Mit rund 60.000 Besucherinnen und Besuchern in den ersten sechs Monaten gehört „EINE STADT WIRD BUNT. Hamburg Graffiti History 1980–1999“ zu den erfolgreichsten Ausstellungen des Museums für Hamburgische Geschichte. Eine Ursachenforschung

Plötzlich waren sie da. Auf Mauern und Stromkästen, an den Wänden der U-Bahn-Station Ochsenzoll. „ROCK“ stand da. Oder „STER“. Oder „RCK“, das Kürzel für „Run City Kids“. Es war 1988, ich war zehn Jahre alt, kurvte mit dem BMX-Rad durchs Viertel und trat ehrfürchtig auf die Bremse, wenn ich neue Tags (Kürzel eines Graffiti-Künstlers, Anm. d. Red.) erspähte. Die Buchstaben faszinierten mich. Sie waren kantig, aggressiv und perfekt geformt wie ein Markenlogo. Und sie wurden offensichtlich nachts verbreitet. Ich war wie elektrisiert.

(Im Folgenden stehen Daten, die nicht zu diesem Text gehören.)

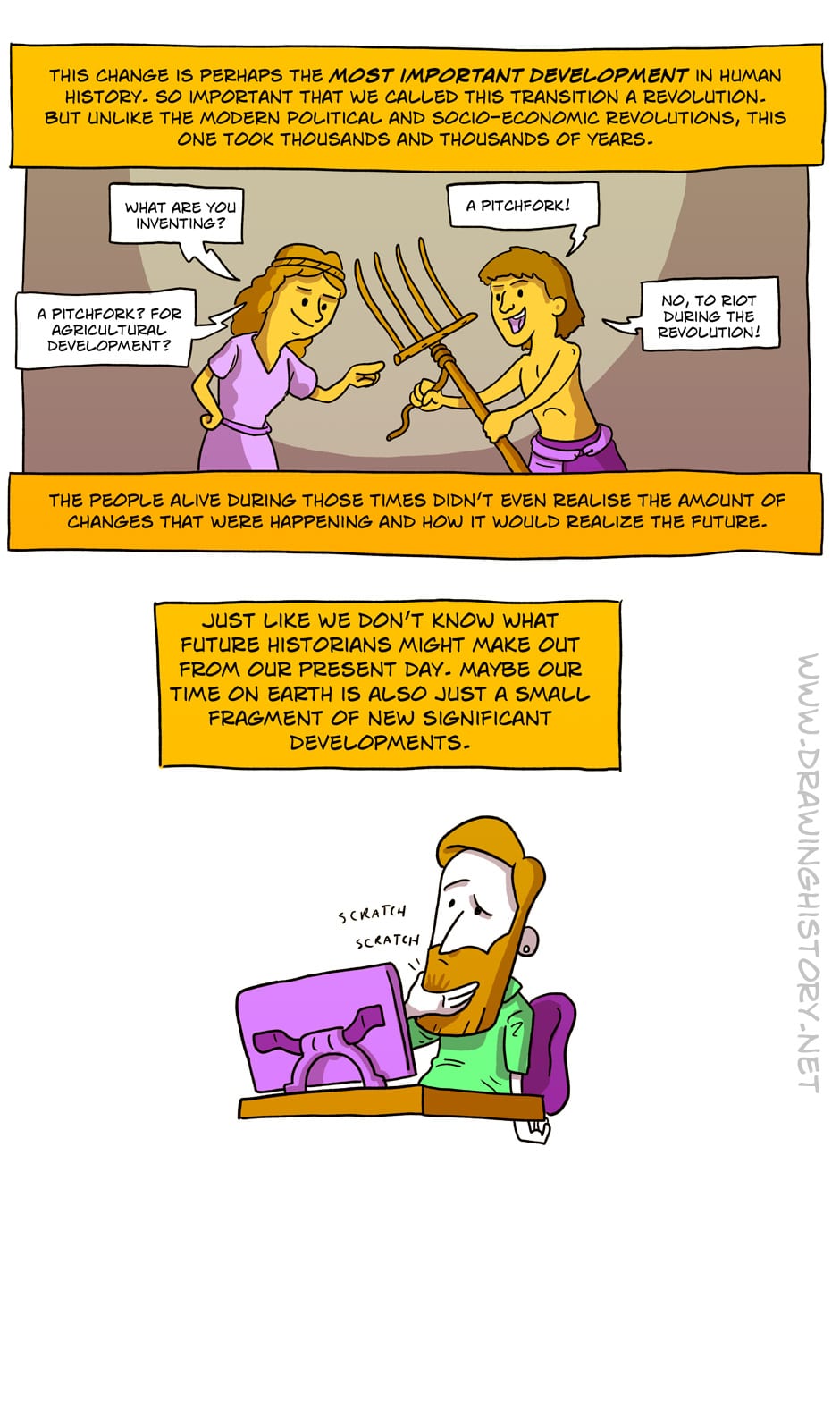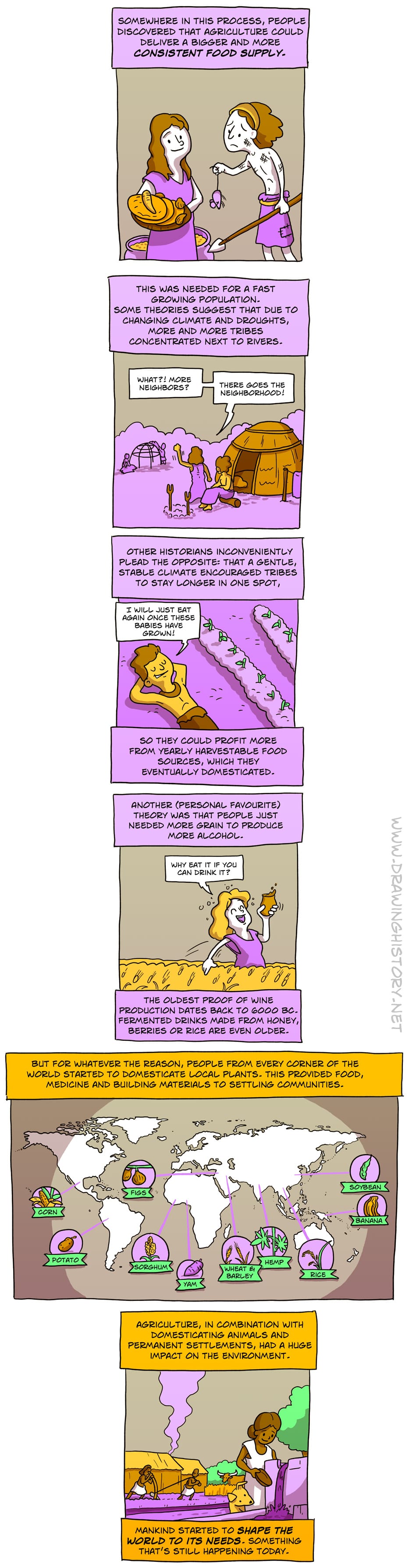 Although hunter-gatherer worked quite well, we still decided to do stuff with agriculture. Today we're going to look at the why and how of the agricultural revolution. Next comic we'll look at the changes that came with this shift in lifestyle
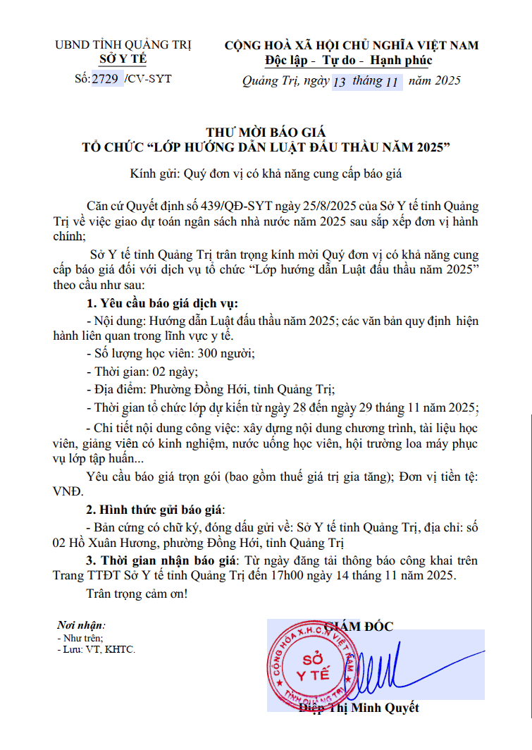 - Mời chào giá thiết bị, dụng cụ y tế phục vụ khám chữa bệnh (11/04/2025)

Mein bester Freund erzählte mir wenig später die wildesten Geschichten über „die RCKs“, was man Englisch ausspricht, also „Ar-Si-Kays“. Da ging es um Schlägereien, Drogen, Kleinkriminalität, kurz: um alles, was ich höchstens aus dem Fernsehen kannte. Während unsere Mutprobe darin bestand, im Kiosk an der U-Bahn-Station Kiwittsmoor Lakritz-Lollis zu „zocken“, taggten die „RCKs“ die ganze Station voll. Ihre Zeichen wurden für mich zu Symbolen für die abenteuerliche Welt der Graffiti-Sprüher.

1989, da war ich elf, setzte mir ein Freund seine Walkman-Kopfhörer auf. Es lief der Song „Me, Myself and I“ von De La Soul. Der treibende Beat, die lässigen Raps: Die Musik war anders als alles, was ich vorher gehört hatte. Bald fuhren wir nach der Schule zum Jungfernstieg – nicht um zu „Cornern“, dafür waren wir zu jung. Unser Ziel war World of Music (WOM), im Untergeschoss des Alsterhauses, wo wir uns Platten von Run D.M.C. oder Public Enemy anhörten. Oder wir gingen zu American Sports am Gänsemarkt, wo es Windbreaker-Jacken und Sneaker gab. Kleidung, die auch die US-Rapper trugen. So fing es an. Fortan begleitete HipHop mich durch meine gesamte Jugend.

EINE STADT WIRD BUNT

Die Ausstellung „EINE STADT WIRD BUNT“ ist für mich auch deshalb so faszinierend, weil hier die Insignien meiner Jugend in den Vitrinen liegen. Die Flyer, die Magazine, die Platten: Vieles kenne ich von früher. Und natürlich habe ich auch eine Zeit lang Cola-Dosen gesammelt, wie der fiktive Bewohner des „Jugendzimmers“, das Teil der Ausstellung ist – eine Zeitkapsel der späten 1980er-Jahre. Wenn ich also heute mit 45 Jahren durch die Ausstellung schlendere, werden Erinnerungen wach: an Partys, an Konzerte, an wilde Jahre mit der Clique.